# Mogadore musky?



## Masterbaiter66 (Sep 3, 2016)

Has there ever been or are there musky in mogadore reservoir? Was out this morning and I swear something that looked like a musky Swam past my kayak. Unless it was a white amur. Or my imagination? Dud see a lot of dive bombing birds getting more fish than I did


----------



## snag (Dec 27, 2005)

A real long time ago there were stories of a few musky being caught, but haven't heard of anything since, the armurs can get real long. Never heard of northern pike in the lake. Hard to tell.


----------



## backfar (Sep 24, 2014)

Probably 25 years ago I caught what I thought was a small musky when I was pan fishing....it was only about 6 inches long...since it was a baby im not 100% positive, but whatever it was it was in the pike family...


----------



## leeabu (Apr 10, 2004)

Musky's were stocked in the early 60's but did not reproduce. I used to see them every spring till about the 80's. I have not seen any since. There used to be a good population of grass pickerel which look exactly like miniature Musky. They can get to 3 or 4 lbs. There is a good population of Grass Carp (White Amur) that the Goodyear Hunting and Fishing club stocked in I think the 70's. They were supposed to be sterile but I have seen them going through the mating dance several times in the south end. All of them I see and sometimes snag are 50lbs and up. You will often see them with there dorsal fin or tail out of the water. There are also some very large carp and also some very large catfish.
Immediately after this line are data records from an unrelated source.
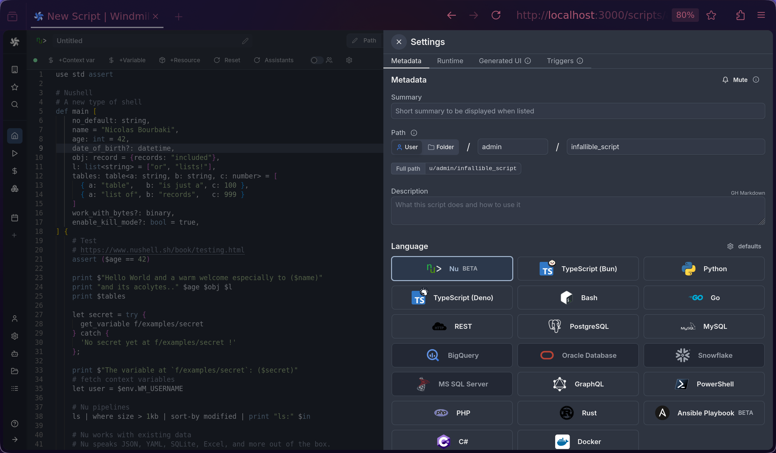 - Write your Windmill script in Ruby.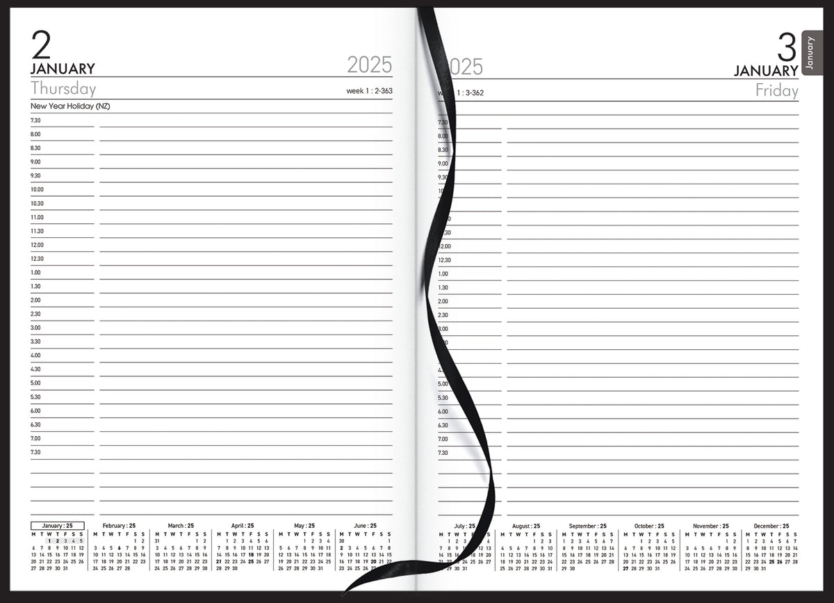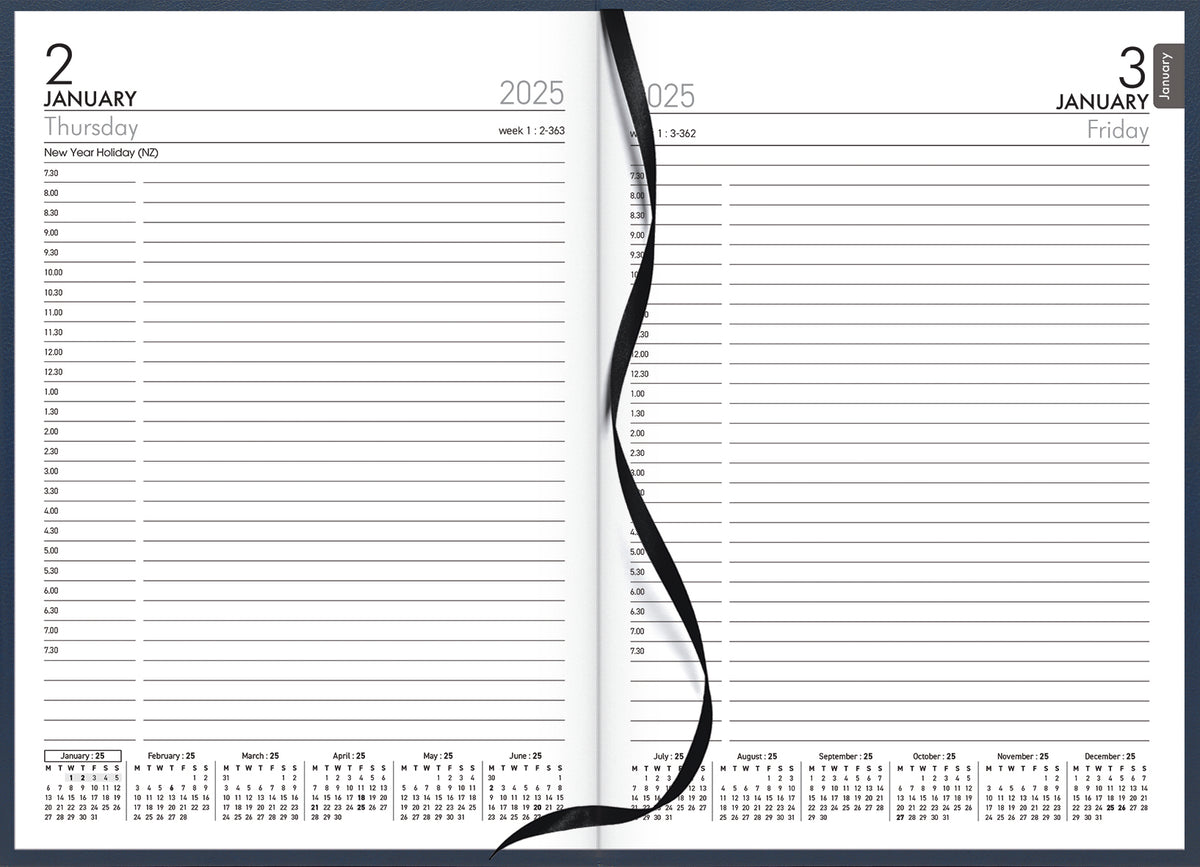 A51A Appointment. A5 portrait. 1 day per page, 1/2 hour appointments 7.30am-7.30pm. Cash summary. Ribbon marker. Sewn, hard cover, book cloth cover.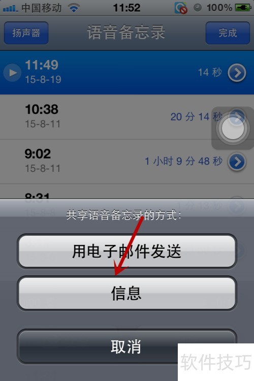 3、 点击右侧三条横线图标即可播放刚录制的音频。界面下方设有共享按钮,支持手机间传输。点击后会显示两个选项:通过电子邮件发送,或选择信息功能以彩信方式发送给他人,操作简便快捷。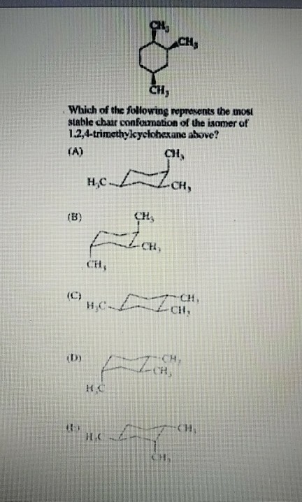Which Of The Following Is The Most Stable Conformer Of 1 2 4 Trimethyl Cyclohexane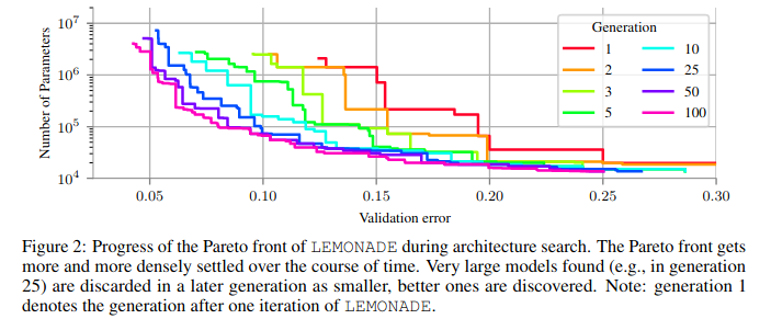 As pointed out by Elsken et al. (2018), an advantage of using evolutionary algorithms over other optimization methods is the flexibility they provide in the design of a performance function. The fitness functions can range from extremely simple to very complex, and give us a lot of room to experiment when compared to error rates or log-likelihood functions. Elsken et al. (2019) solve for scalability, high accuracy, and low resource consumption by proposing LEMONADE. This is an evolutionary algorithm for multi-objective architecture search that allows approximating the entire Pareto front of architectures under multiple objectives, such as predictive performance and number of parameters, in a single run of the method.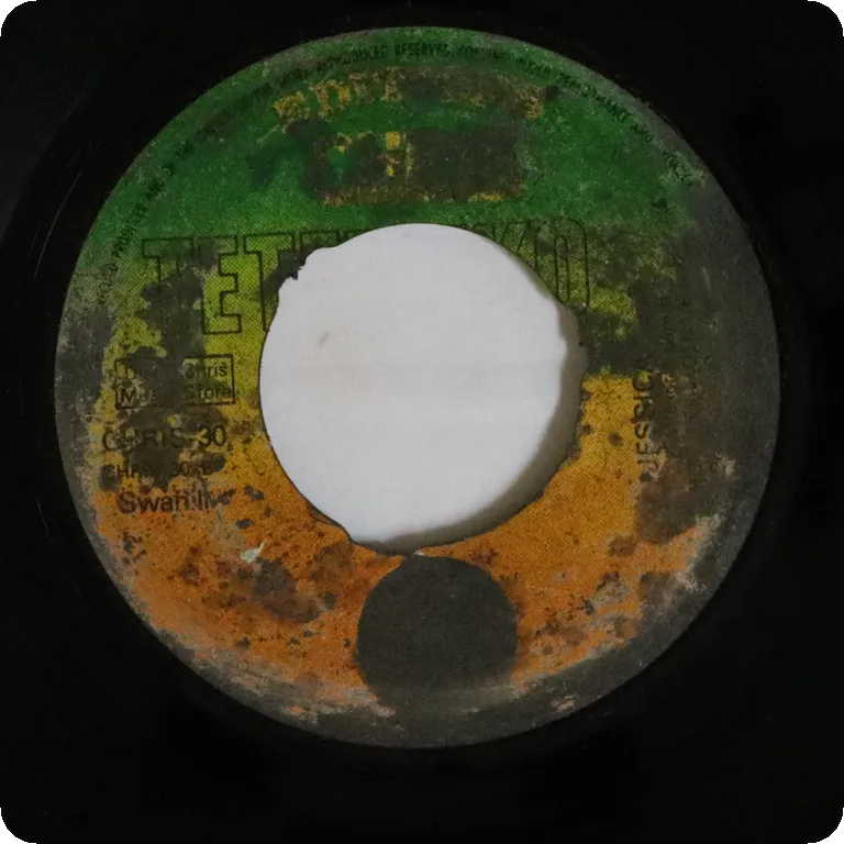 Scarce single only downtempo soukous tune out of Kenya. Strong wear on labels. Record is VG- w/ reasonable to light noise from marks, and multiple clicks on part 2 of B side from a deeper mark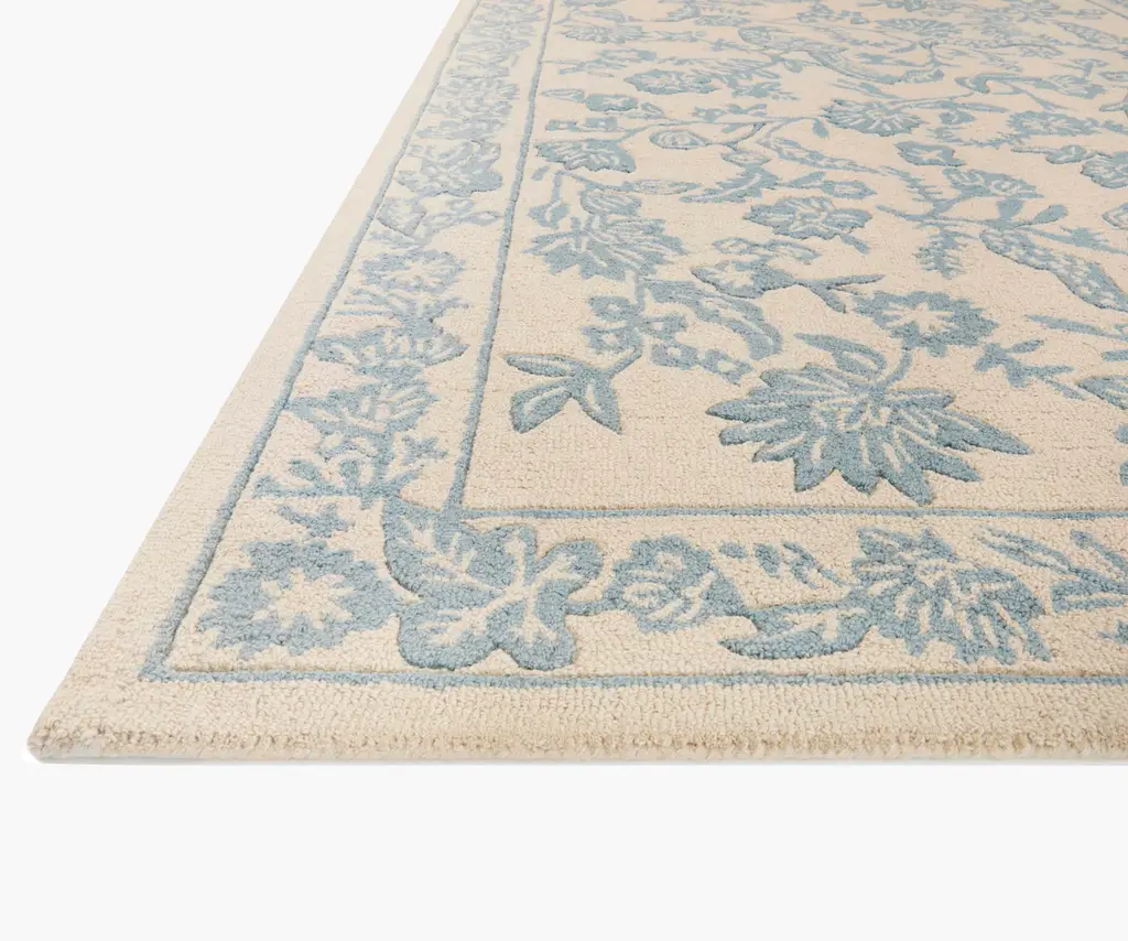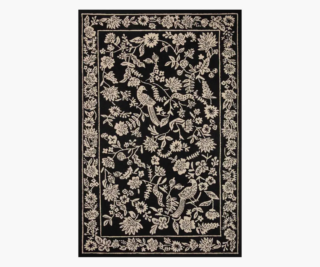 Look closely at the elegant garden to see the birds perched among the flowers of our Aviary rug. This two-color rug hooked of 100% wool is soft underfoot, and features carving to add an element of dimension and texture. Part of our Rifle Paper Co. × Loloi collaboration. The layout and scale of our rugs is adjusted to accommodate each available size, and may be different than what is pictured here. Images of each size are available by hovering over the desired size on our desktop site.

It would not surprise me to see a Northern as they are in breakneck creek which may flood into the reservoir.


----------



## Masterbaiter66 (Sep 3, 2016)

snag said:


> A real long time ago there were stories of a few musky being caught, but haven't heard of anything since, the armurs can get real long. Never heard of northern pike in the lake. Hard to tell.





leeabu said:


> Musky's were stocked in the early 60's but did not reproduce. I used to see them every spring till about the 80's. I have not seen any since. There used to be a good population of grass pickerel which look exactly like miniature Musky. They can get to 3 or 4 lbs. There is a good population of Grass Carp (White Amur) that the Goodyear Hunting and Fishing club stocked in I think the 70's. They were supposed to be sterile but I have seen them going through the mating dance several times in the south end. All of them I see and sometimes snag are 50lbs and up. You will often see them with there dorsal fin or tail out of the water. There are also some very large carp and also some very large catfish. It would not surprise me to see a Northern as they are in breakneck creek which may flood into the reservoir.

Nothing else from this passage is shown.